2. The Departed/Infernal Affairs
Leonardo DiCaprio/Tony Leung has been in the mob for years. He's an undercover cop. Matt Damon/Andy Lau has been a cop for years. He's an undercover mobster. Their lives are a chess game, and while they're not really pawns, they're definitely not in control. They're prying, like, bishops. Neither of them are made until they make each other, but even then, it's after their bosses are dead, and the world has forgotten their true allegiances. Sort of. The amazing moment in these movies comes at the hands of one of the mob henchmen -- see, the undercover cop is meeting with his boss, and the mob finds out that's happening, and they wanna know who this cop is. So they show up, but first they call (complicated) the undercover cop, and they're all like, "Dude! Come over to 11 Fictional Street and kill this cop with us," and the undercover cop is like "Fuccck," and just runs downstairs like, "Dudes I got here first and the undercover dude is mad gone, I know, I'm just as mad as you."

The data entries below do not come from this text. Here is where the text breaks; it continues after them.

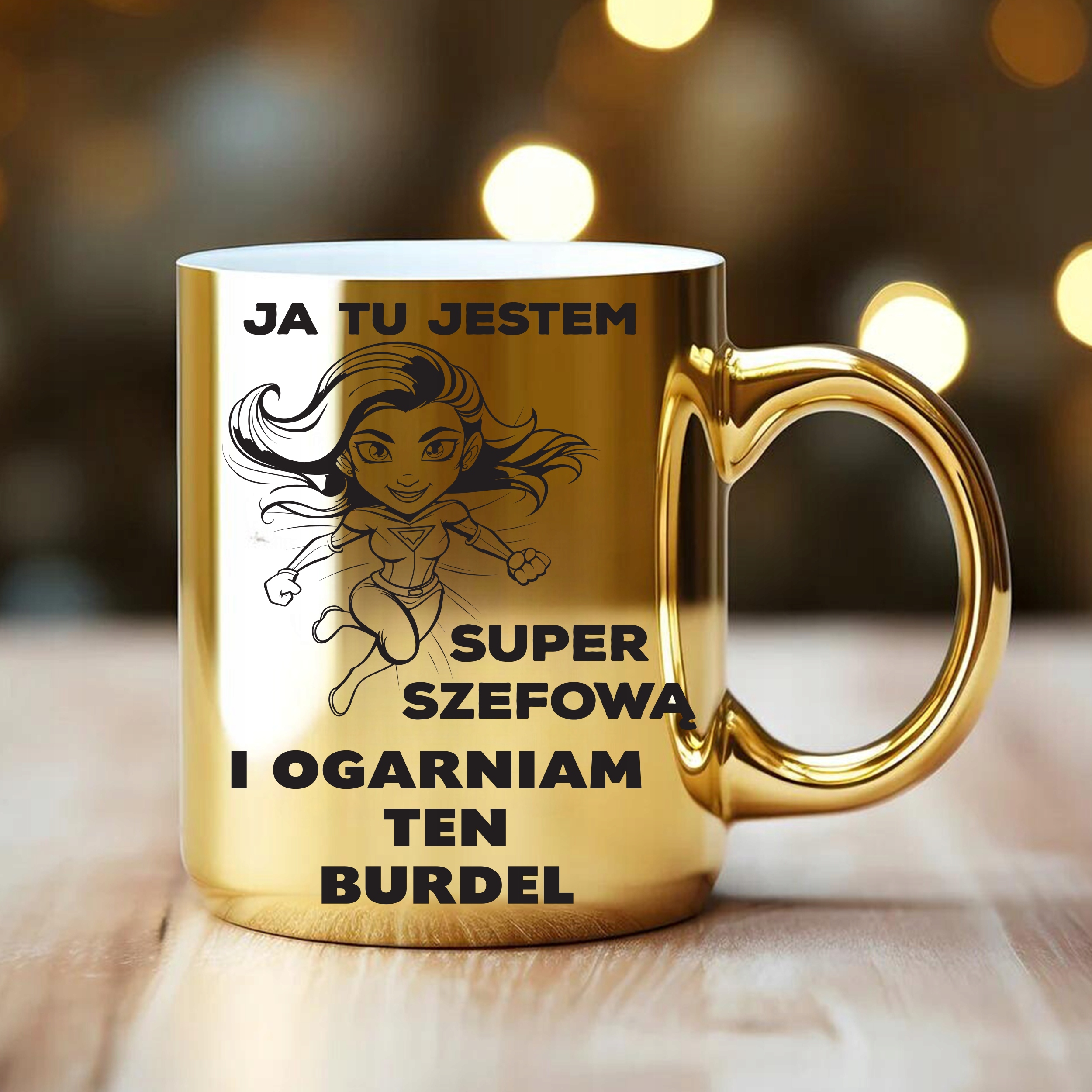 Kubek Prezent ZŁOTY DLA SZEFOWEJ NA URODZINNY IMIENINY GRATIS BŁYSZCZĄCY
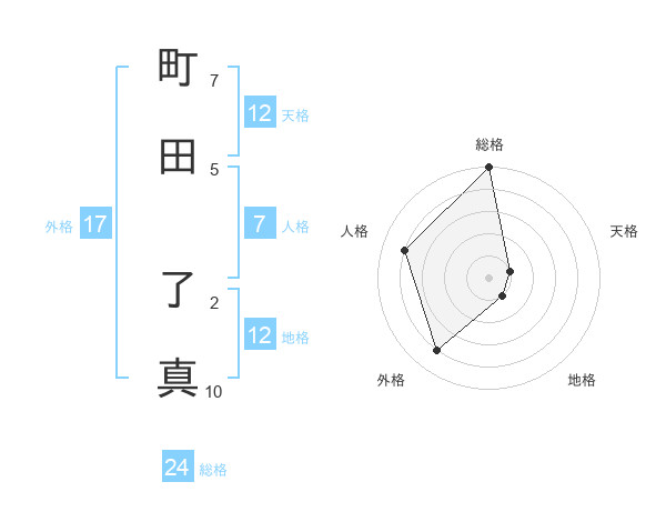 町田 了真さんの総格は24画の5点!
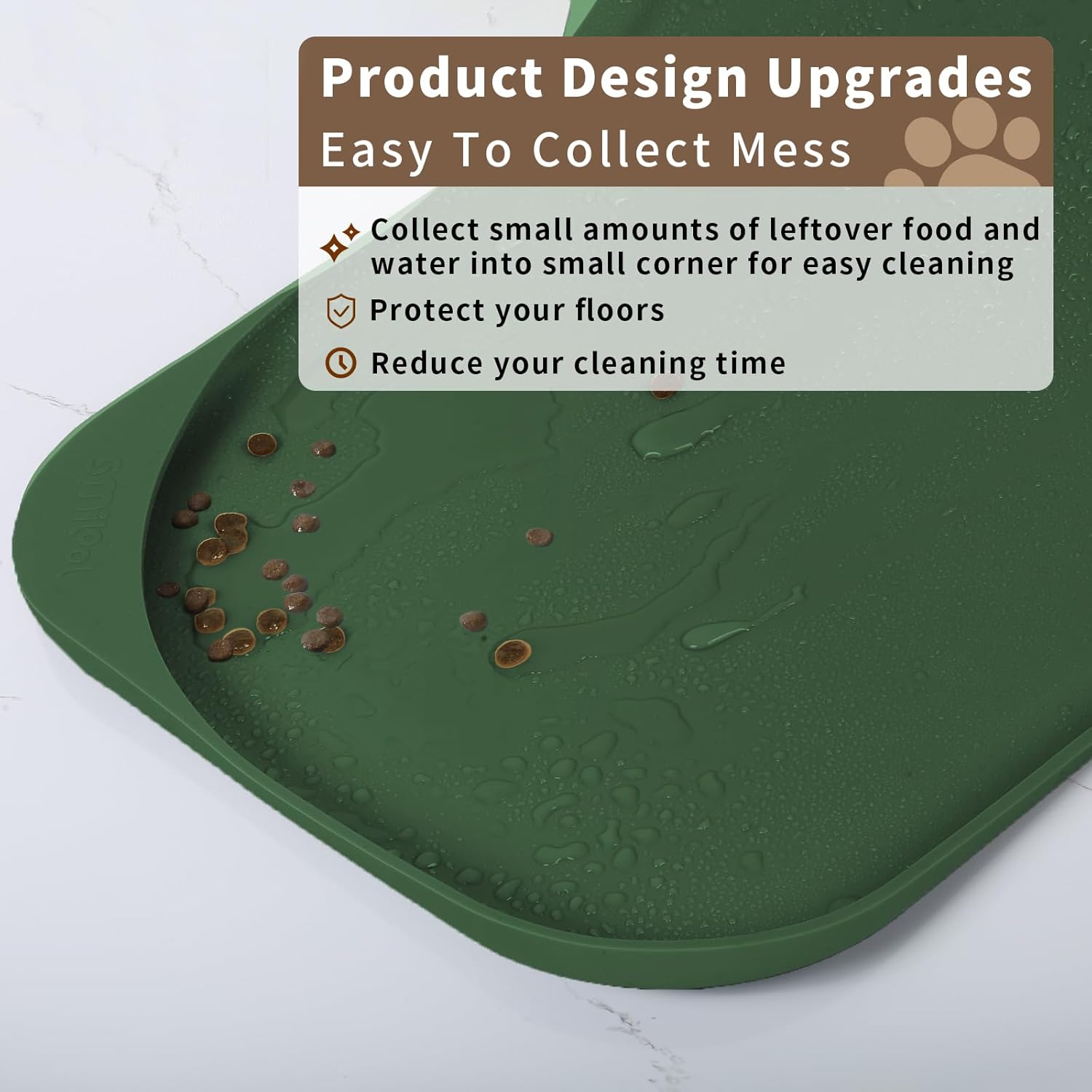 - Widely Used - The anti slip dog food spill mat with high sides can also be used under pet water fountain, automatic feeder, and litter boxes to help contain messes and protect floors. Use as boot mat, shoe matt tray for entryway, pet water splash mat, dog water bowl drip pan. Can also be used for dog crate, trash can, pet water dispenser, countertop, plant, fish tank.
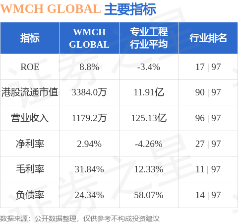 WMCH GLOBAL港股市值3384万港元,在专业工程行业中排名第90。主要指标见下表:
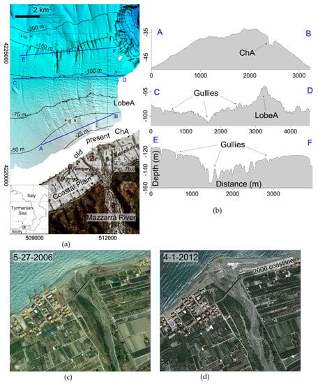 One of the main water courses debouching into the Gulf of Patti is the Mazzarrà river, which is credited with the formation of the deltaic system shown in Figure 7a,b. The Mazzarrà river drainage area encompasses 120 km2 and has a maximum elevation of about 1200 m. Its course is about 25 km long, with slopes ranging from 25° in the upper reach to 0.3° in the 2 km wide coastal plain (the average slope is around 5°). Maximum river discharge is estimated to be between 500 and 780 m3/s for the recurrence period of 50 and 300 years, respectively []. The drainage basin is largely affected by shallow instability processes occurring in strongly fractured basement rocks and flyschoid deposits, which can be easily remobilized during flash-flood events and can trigger the formation of mud/debris flows. A time lapse analysis of aerial photos for the period 2002–2014 has revealed the active coastal zone at the Mazzarrà river mouth. The documented progradation of the coastline between 2006 (Figure 7c) and 2012 (Figure 7d) is likely in response the 2011 flash-flood event. At a relatively longer timescale, a comparison of the 1884’s and recent aerial photos shows that the Mazzarrà river mouth was previously formed by two main channels (Figure 7a), whereas it is confined within the main eastern channel since the 1960–1969 period (Figure 7c,d).

Then a bunch of real cops show up and there's shooting, and in the last moments of this henchman's life, he's all "Dude, I gave you the wrong address. It's cool though. I won't tell. I'm dying anyway." Why? He's a cop too! That is crazy! Then everyone dies. And in Infernal Affairs, you're sad, but that's only because there's no Chinese Marky Mark that fixes everything with scowls and bullets-in-the-heads-of-Matt-Damons.

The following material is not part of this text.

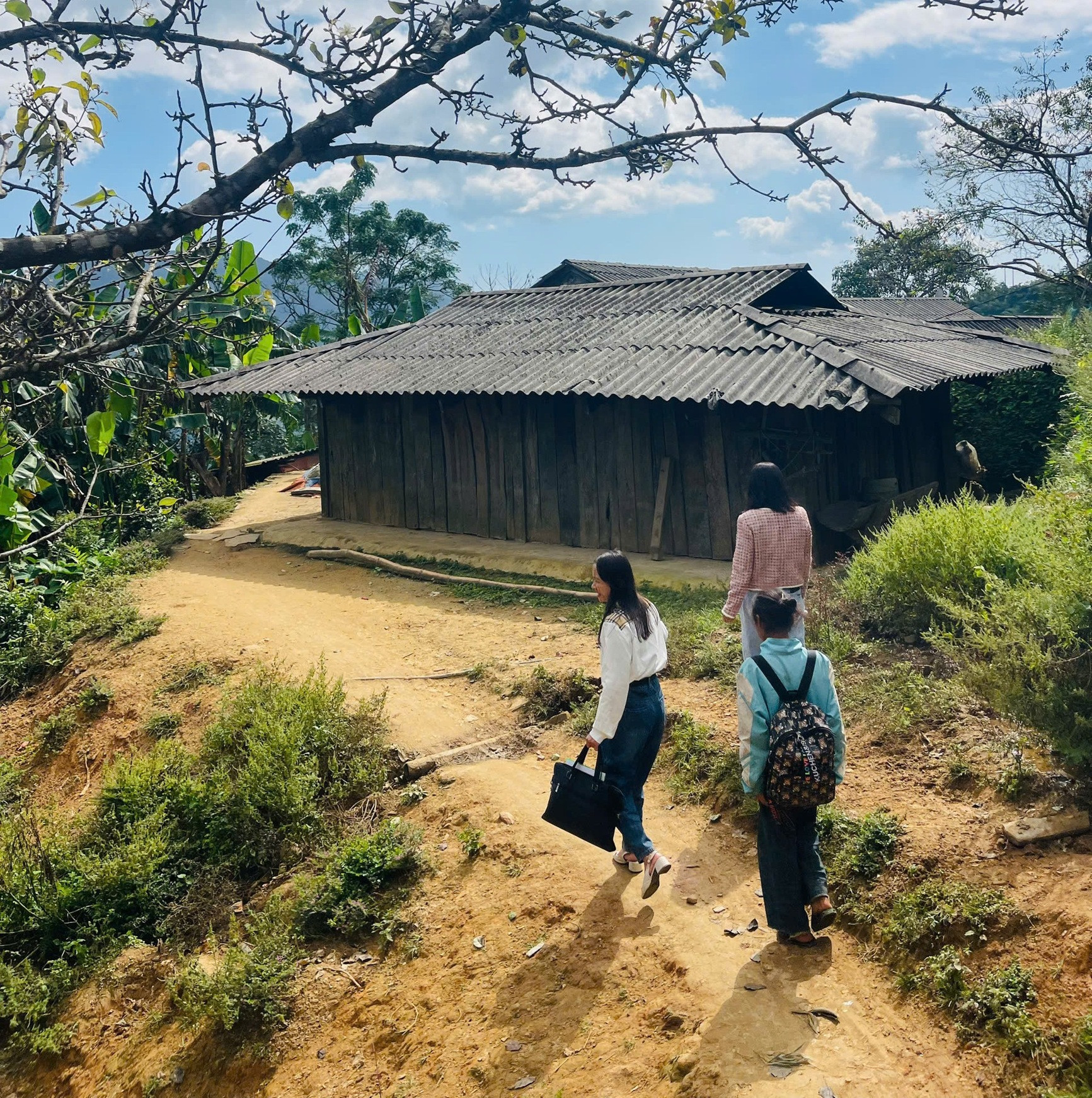 Cô giáo Kim Ngân trong một lần đến nhà học sinh để vận động không bỏ học, tảo hôn. Ảnh: NVCC

1. Point Break/The Fast and the Furious
Point Break is the greatest undercover cop movie ever made. It's certainly the most iconic (which is why The Fast and The Furious is listed alongside it -- they're the exact same movie, beat for beat). It's also maybe the weirdest, which is probably what makes it the best. There's not really a scene where Brody, played by the late, great Patrick Swayze, seemingly channeling himself, discovers that Keanu Reeves's Johnny Utah is a cop. It's Brody, man. He sees auras. He just knows, and always has, and the way he handles it is by letting Utah become a part of his totally awesome life until Utah doesn't wanna arrest him anymore.

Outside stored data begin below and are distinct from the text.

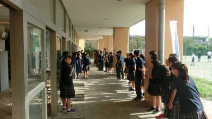 朝8時から8時15分の間、登校する全校生徒に直接声をかけていきます。
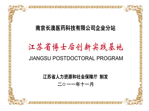2011年 江苏省博士后创新实践基地(长澳分站)
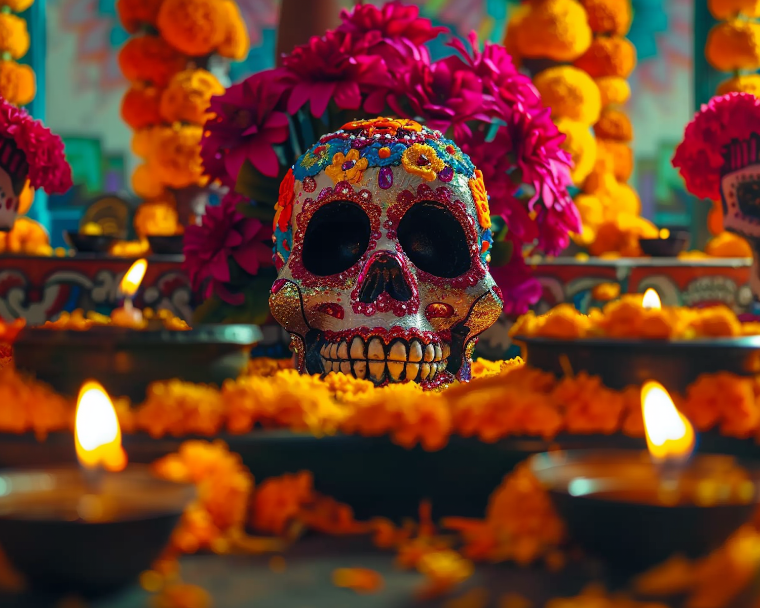 Colorful sugar skull surrounded by marigolds and candles, capturing the essence of Day of the Dead celebrations.
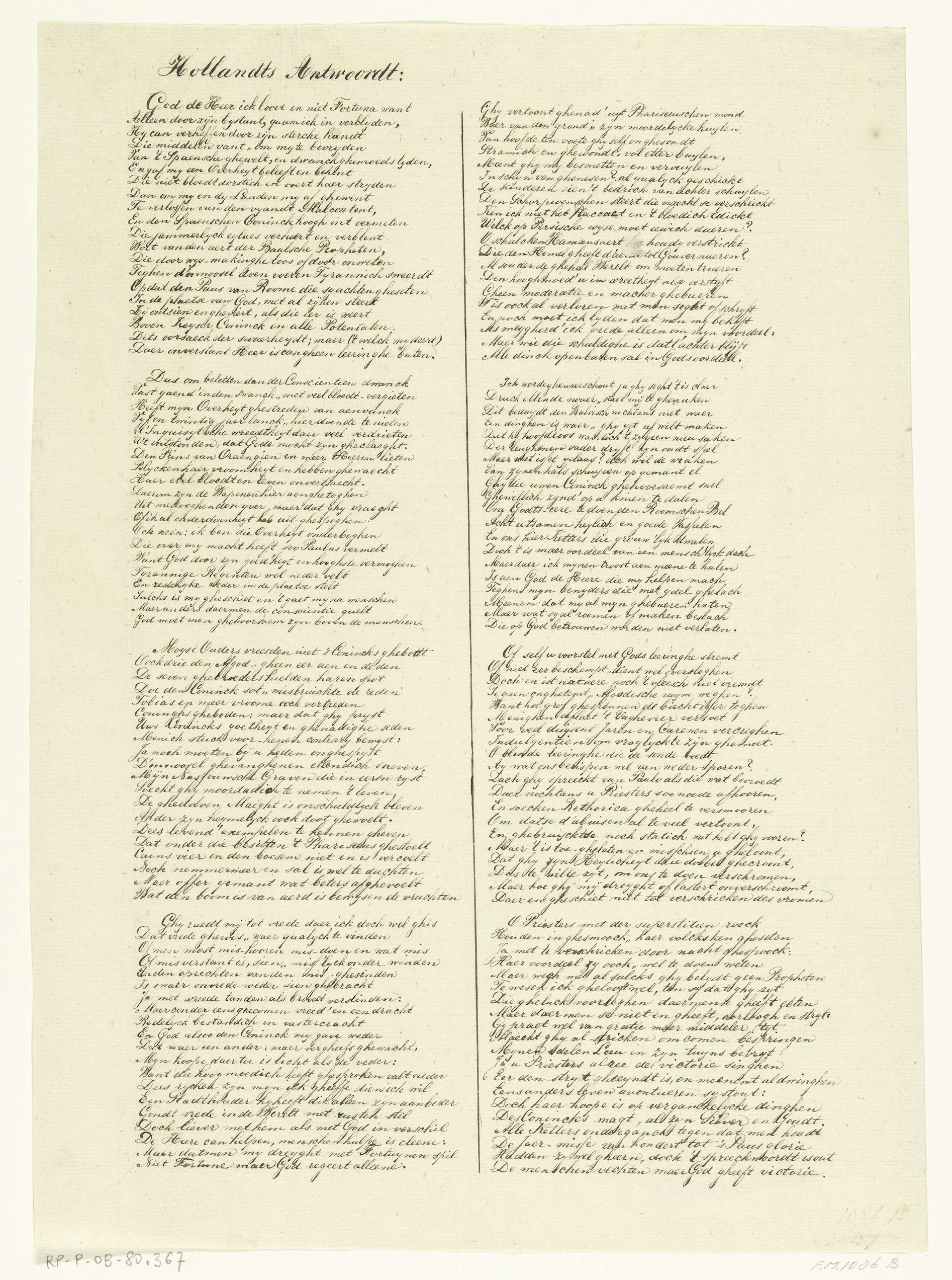 Transcriptie van de verzen bij een anti-Spaanse politieke allegorie uit 1598. Handschrift van acht verzen in twee kolommen in het Nederlands.

If you have to point out a specific scene -- the first time Brody gets a good look at the cop chasing him, it's the awesome scene they talk about in Hot Fuzz, when Keanu, unable to run anymore, screams in anger and fires his gun in the air 'til it's empty. It's a really dangerous move, by the way -- those bullets can form a perfect parabola and kill random people and animals. How does Brody handle knowing for sure that his friend is betraying him? He acts like he doesn't know, and brings Utah along on a bank robbery/skydiving combo. He's so cool!